DOWN all the DAYS 
NIALL STOKES takes a very personal journey back through the music and memories of a friendship with a man he was proud to have known

 
 
 

 THE DRIVE to Cork was a lonely one. Ry Cooder on the deck, that sweet slide guitar shooting off tracers: the memories, stacked up like a vast rack of on-line CDs, kept slipping in and out of the engagement slot. No need ever to press the play button. Now and then I had to hold back the tears as the music of past friendship flooded the car and, with it, a terrible awareness of all the things that might have, but hadn't, been done.

Van came on, whispering about the ancient highway and I was hurtling east from Kerry, alive to the rivets and joints of the flimsy piece of metal I was sealed into: the rattle of the steering wheel, the hum of the rubber on tarmac like a rumbling in the distance and all around me the earth, the road and the rough hills scorning the transience of our passing through, passing through, passing through.

So many years on this road, that road and the other road. Near death experiences in light planes heading from date to date in the United States. Thrown from the stage by one of the loveliest men you could meet, somewhere in Europe, and the fans howling for more.

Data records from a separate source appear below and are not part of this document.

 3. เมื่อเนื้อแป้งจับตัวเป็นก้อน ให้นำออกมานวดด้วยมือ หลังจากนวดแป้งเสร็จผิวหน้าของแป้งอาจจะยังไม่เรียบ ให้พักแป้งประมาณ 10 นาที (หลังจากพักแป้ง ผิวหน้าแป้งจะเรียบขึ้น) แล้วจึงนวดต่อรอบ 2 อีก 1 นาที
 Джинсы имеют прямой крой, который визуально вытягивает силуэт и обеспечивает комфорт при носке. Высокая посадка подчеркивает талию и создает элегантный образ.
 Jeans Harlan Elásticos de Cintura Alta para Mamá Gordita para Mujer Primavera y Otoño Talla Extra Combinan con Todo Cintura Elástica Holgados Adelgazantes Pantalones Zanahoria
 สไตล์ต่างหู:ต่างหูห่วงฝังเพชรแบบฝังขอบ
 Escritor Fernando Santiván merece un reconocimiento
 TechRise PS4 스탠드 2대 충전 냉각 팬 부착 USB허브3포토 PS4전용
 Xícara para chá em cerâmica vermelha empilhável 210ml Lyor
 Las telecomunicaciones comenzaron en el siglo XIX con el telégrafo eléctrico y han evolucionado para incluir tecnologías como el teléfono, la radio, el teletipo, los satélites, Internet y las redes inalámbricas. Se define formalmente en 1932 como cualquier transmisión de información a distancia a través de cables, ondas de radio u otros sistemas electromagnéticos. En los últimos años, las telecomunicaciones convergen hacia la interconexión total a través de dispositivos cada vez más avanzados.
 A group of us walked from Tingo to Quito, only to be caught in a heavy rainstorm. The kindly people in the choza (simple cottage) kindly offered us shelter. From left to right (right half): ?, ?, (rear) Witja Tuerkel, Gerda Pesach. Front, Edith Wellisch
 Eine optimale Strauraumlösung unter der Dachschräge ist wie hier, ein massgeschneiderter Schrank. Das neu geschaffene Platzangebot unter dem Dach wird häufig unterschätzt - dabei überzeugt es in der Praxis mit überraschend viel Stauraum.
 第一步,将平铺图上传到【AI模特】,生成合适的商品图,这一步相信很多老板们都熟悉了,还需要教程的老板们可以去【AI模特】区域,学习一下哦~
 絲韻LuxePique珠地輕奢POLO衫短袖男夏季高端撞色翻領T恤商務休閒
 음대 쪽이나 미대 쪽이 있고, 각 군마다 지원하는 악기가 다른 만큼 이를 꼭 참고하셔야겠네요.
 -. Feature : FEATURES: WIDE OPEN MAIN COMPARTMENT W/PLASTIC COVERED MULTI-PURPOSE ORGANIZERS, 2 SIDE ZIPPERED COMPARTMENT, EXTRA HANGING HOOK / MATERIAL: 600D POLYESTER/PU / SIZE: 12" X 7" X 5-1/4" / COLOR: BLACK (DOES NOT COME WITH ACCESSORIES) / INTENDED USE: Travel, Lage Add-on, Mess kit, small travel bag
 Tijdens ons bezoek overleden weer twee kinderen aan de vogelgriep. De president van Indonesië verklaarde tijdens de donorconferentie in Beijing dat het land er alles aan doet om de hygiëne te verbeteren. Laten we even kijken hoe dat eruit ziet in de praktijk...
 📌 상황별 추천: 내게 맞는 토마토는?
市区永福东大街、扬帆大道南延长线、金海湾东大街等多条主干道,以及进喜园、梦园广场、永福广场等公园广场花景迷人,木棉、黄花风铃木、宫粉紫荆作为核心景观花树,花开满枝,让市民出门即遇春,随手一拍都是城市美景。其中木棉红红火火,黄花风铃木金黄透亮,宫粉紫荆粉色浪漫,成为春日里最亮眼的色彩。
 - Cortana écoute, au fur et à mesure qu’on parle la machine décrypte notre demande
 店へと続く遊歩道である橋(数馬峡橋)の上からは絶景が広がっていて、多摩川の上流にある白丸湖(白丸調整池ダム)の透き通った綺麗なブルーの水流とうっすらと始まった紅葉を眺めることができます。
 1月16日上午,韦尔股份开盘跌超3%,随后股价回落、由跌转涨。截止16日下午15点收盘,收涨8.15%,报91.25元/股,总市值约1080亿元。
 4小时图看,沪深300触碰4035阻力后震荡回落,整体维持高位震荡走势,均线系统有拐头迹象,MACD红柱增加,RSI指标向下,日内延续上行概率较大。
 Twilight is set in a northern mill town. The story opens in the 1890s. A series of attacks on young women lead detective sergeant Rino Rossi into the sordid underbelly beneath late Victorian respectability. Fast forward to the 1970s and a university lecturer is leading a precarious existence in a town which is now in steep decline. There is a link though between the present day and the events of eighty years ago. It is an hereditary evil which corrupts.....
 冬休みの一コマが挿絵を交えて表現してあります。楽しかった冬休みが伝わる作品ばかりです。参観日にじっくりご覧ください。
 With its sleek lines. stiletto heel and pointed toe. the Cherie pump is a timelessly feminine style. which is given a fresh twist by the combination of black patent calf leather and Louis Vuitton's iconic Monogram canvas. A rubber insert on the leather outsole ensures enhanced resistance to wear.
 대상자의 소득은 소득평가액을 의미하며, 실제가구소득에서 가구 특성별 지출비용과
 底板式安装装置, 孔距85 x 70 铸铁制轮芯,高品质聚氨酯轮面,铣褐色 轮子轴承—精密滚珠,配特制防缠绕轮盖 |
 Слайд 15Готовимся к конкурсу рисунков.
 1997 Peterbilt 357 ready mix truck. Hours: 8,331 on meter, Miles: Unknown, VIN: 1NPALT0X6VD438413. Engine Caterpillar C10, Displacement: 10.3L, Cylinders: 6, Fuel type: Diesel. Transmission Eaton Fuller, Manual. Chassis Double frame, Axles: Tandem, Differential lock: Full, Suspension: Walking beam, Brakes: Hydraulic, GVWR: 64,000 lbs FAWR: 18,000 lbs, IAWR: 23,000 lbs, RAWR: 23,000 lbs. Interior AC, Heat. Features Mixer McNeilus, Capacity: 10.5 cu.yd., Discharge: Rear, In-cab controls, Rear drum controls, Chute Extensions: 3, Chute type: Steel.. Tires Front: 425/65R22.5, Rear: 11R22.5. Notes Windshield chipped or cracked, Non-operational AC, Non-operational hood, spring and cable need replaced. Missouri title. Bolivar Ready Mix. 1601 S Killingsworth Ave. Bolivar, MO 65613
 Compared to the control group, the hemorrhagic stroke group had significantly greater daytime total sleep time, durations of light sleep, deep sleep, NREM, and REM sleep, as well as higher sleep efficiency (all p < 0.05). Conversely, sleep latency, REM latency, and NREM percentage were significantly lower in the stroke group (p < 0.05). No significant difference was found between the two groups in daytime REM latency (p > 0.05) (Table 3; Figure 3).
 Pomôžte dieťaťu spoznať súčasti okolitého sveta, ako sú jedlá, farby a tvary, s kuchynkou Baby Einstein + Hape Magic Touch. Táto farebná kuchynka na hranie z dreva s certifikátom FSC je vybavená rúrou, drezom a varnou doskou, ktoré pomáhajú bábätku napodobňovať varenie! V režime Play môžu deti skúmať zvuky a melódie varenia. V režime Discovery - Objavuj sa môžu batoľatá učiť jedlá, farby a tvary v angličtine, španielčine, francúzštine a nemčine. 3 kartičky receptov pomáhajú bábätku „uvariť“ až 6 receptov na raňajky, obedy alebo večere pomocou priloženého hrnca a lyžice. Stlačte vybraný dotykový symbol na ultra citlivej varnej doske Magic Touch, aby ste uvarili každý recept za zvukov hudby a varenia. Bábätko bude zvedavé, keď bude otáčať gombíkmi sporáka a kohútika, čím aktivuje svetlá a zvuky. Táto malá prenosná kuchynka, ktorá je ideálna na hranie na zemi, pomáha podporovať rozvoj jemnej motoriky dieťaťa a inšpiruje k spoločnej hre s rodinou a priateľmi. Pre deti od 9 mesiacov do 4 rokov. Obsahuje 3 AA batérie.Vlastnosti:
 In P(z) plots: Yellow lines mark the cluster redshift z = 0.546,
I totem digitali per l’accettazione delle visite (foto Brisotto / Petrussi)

Duckwalking on the boards in Italy and plunging through a hole near the edge -you hanging from a metal bar like Tarzan, the feedback screeching to high heaven for someone to rescue you, rescue you, rescue you, and they howled then too, as you broke the free fall and then hauled yourself back from the abyss scrambling up onto the stage to the sound of five thousand -or was it ten thousand -voices screaming their appreciation, one of the most electric, one of the most addictive sounds in the world.

Ah, but you could laugh about that later and you did,  relishing the craziness of it all, a life lived that no one else would ever truly get the shape and measure of but always lived to the full, lived to the full, lived to the full. The cat had nine lives. He was smart and straight and tough. But sometimes even nine lives just isn't enough.

No it isn't.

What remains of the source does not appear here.